Once again you use numbers (3200 decommissioned windmills) to make a case that isn't there. What's missing from this data is what happened to those windmills. Did they get sent to the junkyard? Did a salvage company sell them to a church in some backwater province? Did Vestas offer a trade in and used them for spare parts? We don't know from the data that is provided.

But the truth is that with every windfarm that is brought on line there is less use for coal and nuclear. In Colorado because of abundant wind and sun, it's cheaper to build new wind and solar capacity than it is to OPERATE current coal and nuclear plants. Wind and solar get cheaper because of economies of scale and plus they don't have to pay for fuel.

hunter

(38,310 posts)
18. If wind turbines could be bought as seeds that you could plant like trees...
Tue May 8, 2018, 12:33 PM
May 2018

... and they grew into giant 100 meter wind power turbines that lived a hundred years or more, you still haven't solved the problem of the wind not always blowing.

If we cut our current natural gas consumption by half, that's still not good enough

It's especially not good enough if these hybrid gas-wind systems "pay for themselves" and use of them expands throughout the human population, all 7.3 billion of us and growing. In that case gas use expands and we are still toast.

Wind isn't the answer you are looking for.



Finishline42

(1,091 posts)
19. The use of wind and solar increases the cost of coal and nat gas
Tue May 8, 2018, 01:09 PM
May 2018

When the wind blows and the sun shines and utility companies are using the electricity generated from windfarms and solar panels it decreases the use of coal, nuclear and nat gas. When you decrease the number of hours that those high cost plants are being used then the costs increase for when they are being used which will further widen the gap between the cost of operating them and building new wind and solar capacity. It's not the miracle solution you seem to expect but it does move us in the right direction.
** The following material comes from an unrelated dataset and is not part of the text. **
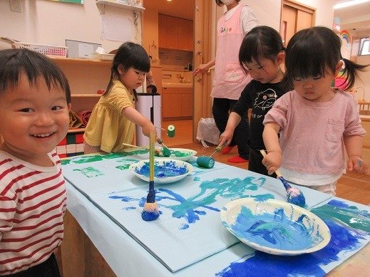 それから絵の具もしましたよ!「みて!立った!」笑 おもしろいことに気が付いたね。色の混ざりがきれいだったのも見つけましたよ。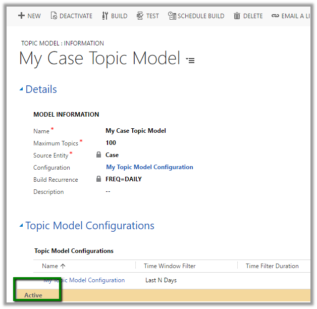 Once we have tested the configuration we can then activate the model.

Batteries are coming on line to fill need for unplanned interruption of coal and nuclear plants. Sure would be nice to know how much coal is being burned in standby plants not producing power right now but ready at a moments notice to do so.

hunter

(38,310 posts)
20. For grid applications battery capacity is measured in minutes.
Tue May 8, 2018, 02:21 PM
May 2018

Wind outages are measured in days and weeks.

And you missed my point entirely.

If you don't think everyone in the world deserves things like indoor plumbing, modern sewage treatment plants, and clean cooking appliances, just say so.

As it is, with or without wind turbines, the largest industrial projects on earth today involve the extraction and distribution of natural gas. And even so, the use of coal is expanding.

Wind power enthusiasts don't see the forest for the trees.

A society powered exclusively by wind, solar, and other "renewable" energy sources would look nothing like the consumer economy many affluent people now enjoy.